Os dois entram numa biblioteca, e com um sinal de mãos de Eldrich um dos grimórios vai até eles e se abre.

“O Réquiem nada mais é do que uma série de eventos profetizados em textos apócrifos de Nostradamus que anunciam o fim do mundo. Ele diz resumidamente que os que tecelões seriam os primeiros a ouvir suas primeiras notas. Apesar de ser algo nunca ouvido antes, eles saberiam que se trata do anúncio do fim dos dias. Depois, viriam guerras e rumores de guerras. A liberdade morre. A glória de Deus aparece nos céus de todo o mundo, e então, as estrelas se apagam.”



“Mas, Eldrich, isso tudo é apenas uma suposição. O que te faz acreditar que o Réquiem seja real?”

“Por que eu já o ouvi. Há 16 anos. Mas isso não vem ao caso. Por que você se interessou pelo Réquiem em especial?”

“Por que eu também o ouvi. Há aproximadamente uma hora atrás.”

Eldrich recuou e tomou uma assustadoramente rara face de boçal espanto. Após custosos segundos, ele retomou:

“Você deve estar enganado, rapaz. Da última vez que este prenúncio foi confirmado, Ômega assassinou Centurião e quase destruiu o planeta inteiro.”

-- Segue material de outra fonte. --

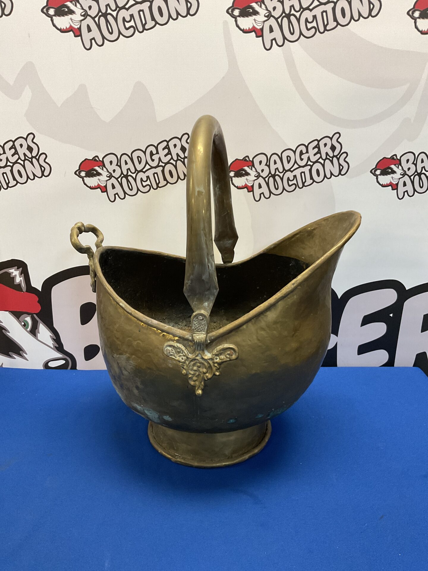 This coal scuttle shows signs of age and use, with some patina and wear to the brass surface, which is consistent with its vintage. It is a desirable piece for collectors of antique brassware or those seeking to add a touch of historical charm to their home decor. The scuttle’s aesthetic appeal and functional history make it a unique and interesting addition to any collection or fireside setting.

“E o que o impede de voltar agora?”

“Ômega está morto. Centurião se sacrificou por isso. Certamente é você quem se engana.”

“Mestre Eldrich, com todo respeito, mas e se eu não estiver? Não valeria a pena apenas checar a hipótese?”

Sallah bate à porta da biblioteca: “Perdão, mestres, mas a Rainha de Taraskar exige urgentemente falar com o Mago Mestre.”

Eldrich pondera por algum tempo e então suspira. “Tudo bem, rapaz. Comunique Dédalo. É bom que a Liga Freedom esteja de sobreaviso. Vou atrás de outras confirmações da sua teoria depois que solucionar o problema de Vossa Majestade.”

Eldrich se teleporta. Kyle, quase atônito, se vira para Sallah. “Com licença, Sallah. Por acaso Mestre Eldrich tem o número de telefone da Liga Freedom?”

Um comentário :

  1. Por Asgard! Mais uma bela saga sobre o Ragnarok (ou apocalipse, como preferirem...)

    De qualquer forma, ótimo texto. Parabéns pelo trabalho!